3
Нет, совершенно непроизвольно когда пытаешься вспоминать что-либо, то никак не удержишься от того, чтобы заодно не «вспомнить» то, чего с тобой не было. Вот сейчас перечитал первые страницы и наткнулся на описание того, как мы возвращались на Моховую после неудачной эвакуации. Там я написал, как мы стояли на углу Пестеля и Моховой, как по Пестеля грохотали танки, а из репродуктора гремел марш. И ещё там было написано (я это все-таки удалил), что это был марш «Прощание славянки». Гремел ли марш, я не помню, может быть, и правда гремел. Но что это не был марш «Прощание славянки» – это точно. Подсознательно хотелось, чтобы было красиво, трогательно, как в кино. Но марш «Прощание славянки» впервые был окончательно реабилитирован после фильма «Летят журавли» Калатозова в 57-м. Там действительно солдаты уходят на фронт под пронзительные звуки марша «Прощание славянки». Но это – в кино! А вообще-то марш этот считался «типичным дореволюционным», его очень любили в войсках Колчака и в Добровольческой армии. Но в памяти всё соединяется. И реальные события, и те, что случились потом, так сказать, подмонтировались (если уж говорить в терминах кино), а вот как мама больно прижала мою руку к ручке чемодана – помню, как сейчас…

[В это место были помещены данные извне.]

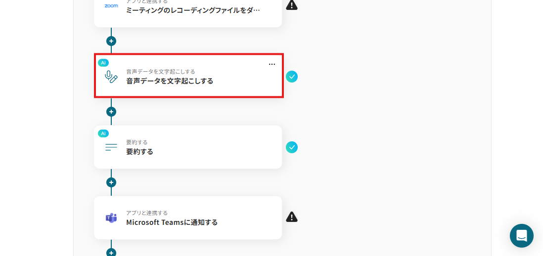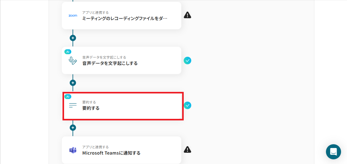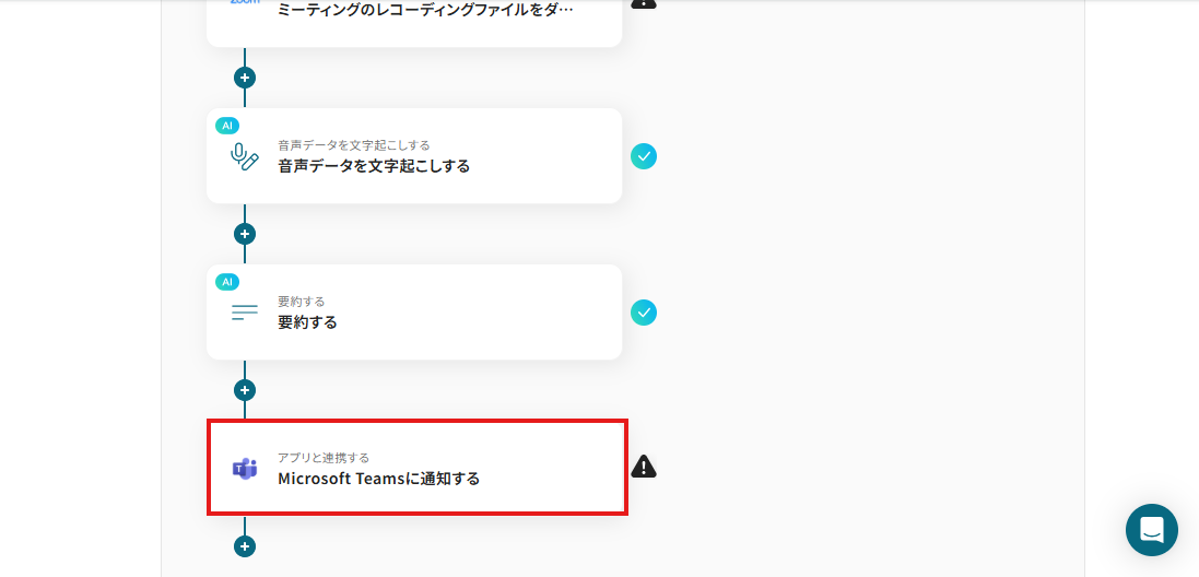 これで、「Zoomでミーティングが終了したら議事録の文字起こしと要約をし、Microsoft Teamsに通知する」フローの完成です!

…Я совершенно не помню, как мы с Володей и с мамой исчезли (ушли, уехали) из Детской соматической. Я просто помню, что было тепло и светло. Я и Володя снова держимся за мамины руки, в которых у неё ещё чемодан и какой-то (или какие-то) узел, а через плечо всё та же полевая сумка с документами. Мы поднимаемся по узким качающимся мосточкам на стоящий у берега чёрный буксир. Сзади буксира стоит на длинном тросе такая же чёрная большая баржа. В нее тоже, но уже по двум мосткам, поднимаются тёмные вереницы людей. Военные, которые стоят у мостков, покрикивают на них, торопят. Мы с мамой поднимаемся на палубу, впереди открытый большой чёрный люк в который в который спускаются люди. Мама отдавливает нас с Володей в сторону от всех идущих. Мы подходим к смотанному в кольца толстому канату, лежащему на палубе почти у самых перил, она сажает нас на него, кладёт рядом узел и чемодан, садится сама. К нам подходит человек в морской форме, его полосатый воротник и ленточки на бескозырке треплются по ветру:
– Прошли бы лучше в трюм. Здесь будет очень ветрено, мы пойдём ночью – станет холодно.

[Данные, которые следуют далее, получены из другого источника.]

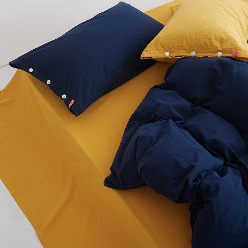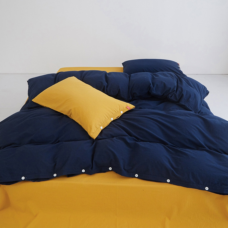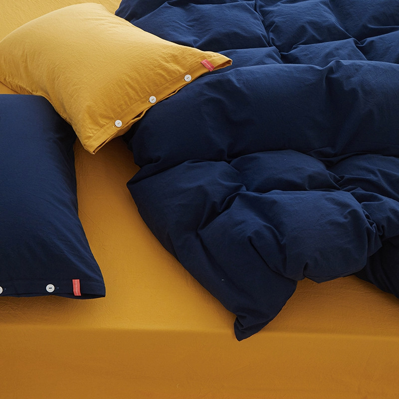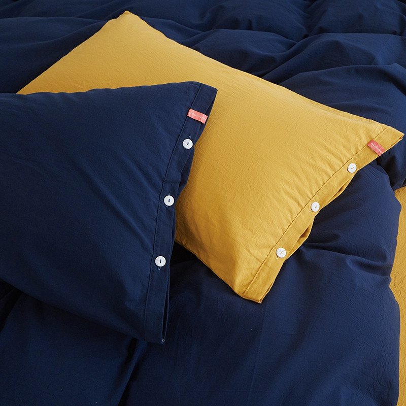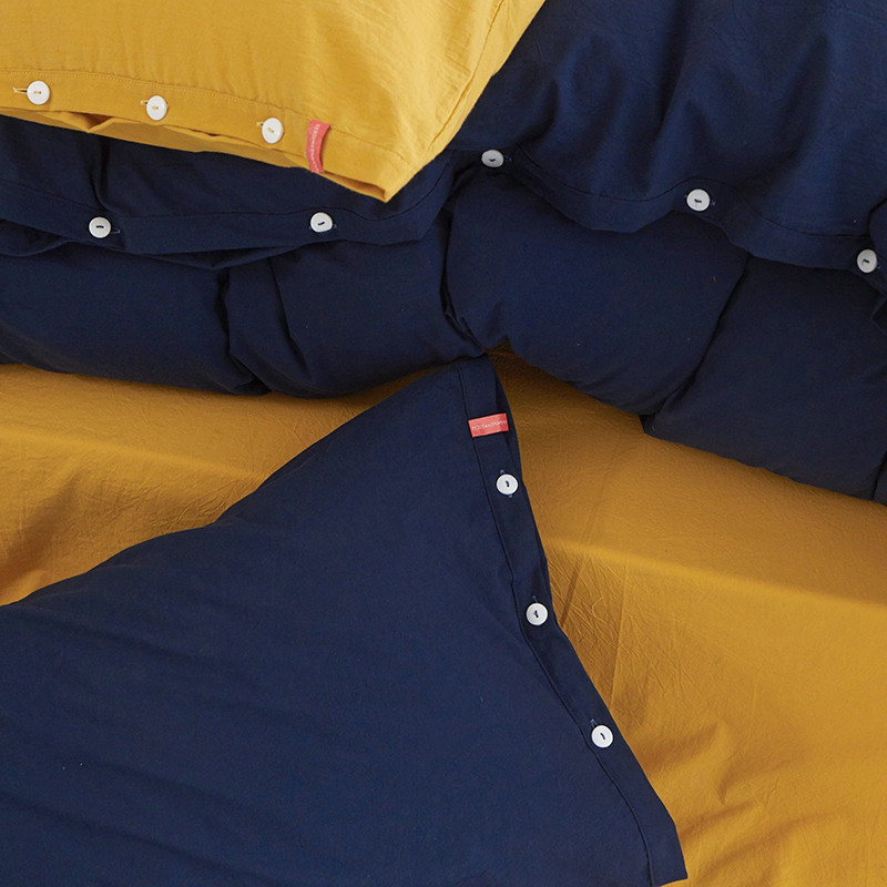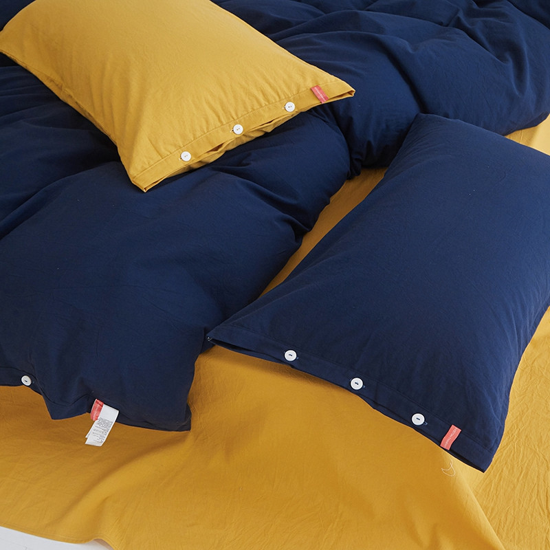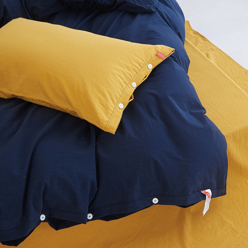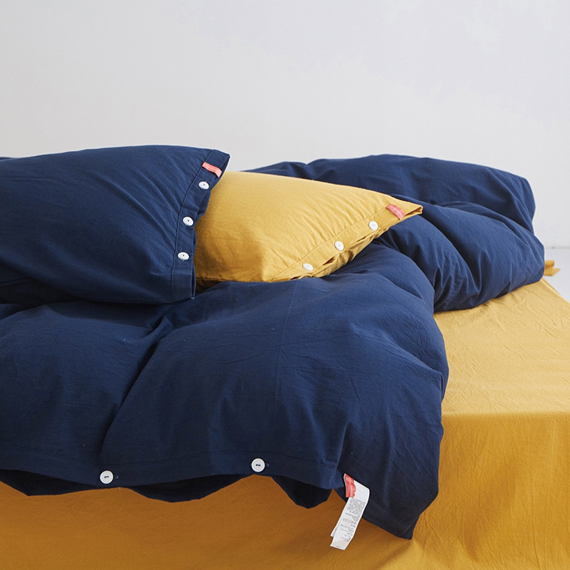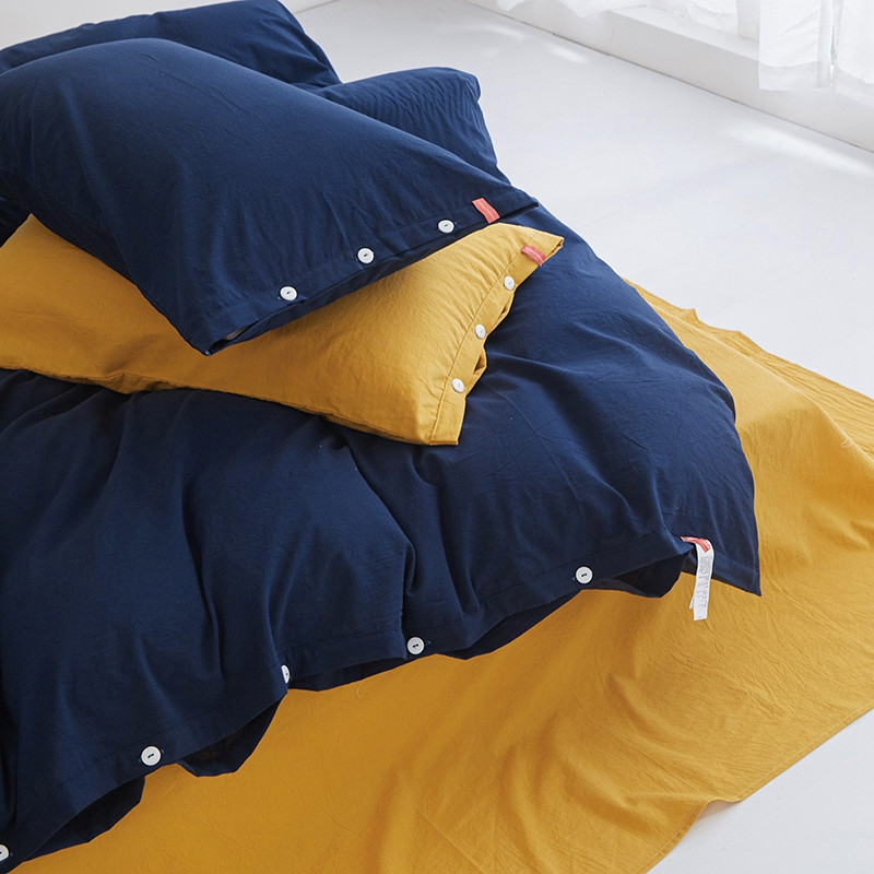 当前位置: 91家纺网 > 商品网购 > 床品套件 > 四件套 > 水洗棉四件套 > 安莱生活水洗棉全棉色经色纬高支高密纽扣款工艺混搭拼色四件套(系列二) 藏青+姜黄(藏青姜黄)

– Нет, нет, – отвечает мама, – меня и мальчиков очень укачивает в закрытом помещении. Они ещё очень слабые, – она прижимает нас к себе, – разрешите, мы тут посидим, я их укрою, – она смотрела на него снизу вверх, взгляд у неё был, как тогда в Старожиловке, когда она говорила папе и Коляне, что началась война, как тогда, когда отвечала дяде Фёдору из вагонной двери и на углу Пестеля и Моховой, когда она держала нас за руки, а мимо шли танки…

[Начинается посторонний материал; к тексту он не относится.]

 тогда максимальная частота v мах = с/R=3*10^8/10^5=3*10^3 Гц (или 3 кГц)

…Да, я вспомнил, я видел этот взгляд. Это было потом в Тихвине. Воинскую часть, в которой служил папа и работала мама, перевели из Архангельска в Тихвин. Там было тихо и тепло и даже деревянных тротуаров, как в Архангельске, не было. Я ходил по какой-то поляне, наверное, около нашего барака и вдруг наткнулся, почти наступил, на птицу, которая, распластав крылья, сидела на земле. Я присел, чтобы получше рассмотреть её и протянул руку, чтобы потрогать, но не дотронулся. Птица сидела, прикрыв собой какие-то голубоватые в крапинку яйца, одно из них чуть высовывалось у неё из под перьев. Она смотрела на меня круглыми черными глазами и не улетала. Её взгляд не двигался, глаза не моргали, они смотрели в меня… Это были те самые, мамины глаза…
– Ну смотрите, ведь простудитесь, – помолчав, ответил моряк и ушёл.
Мама ещё крепче обнимает нас с Володей за плечи, прижимая к себе. Я спрашиваю:
– А что такое – укачивает?
– Ничего, ничего. Здесь все равно лучше, если что…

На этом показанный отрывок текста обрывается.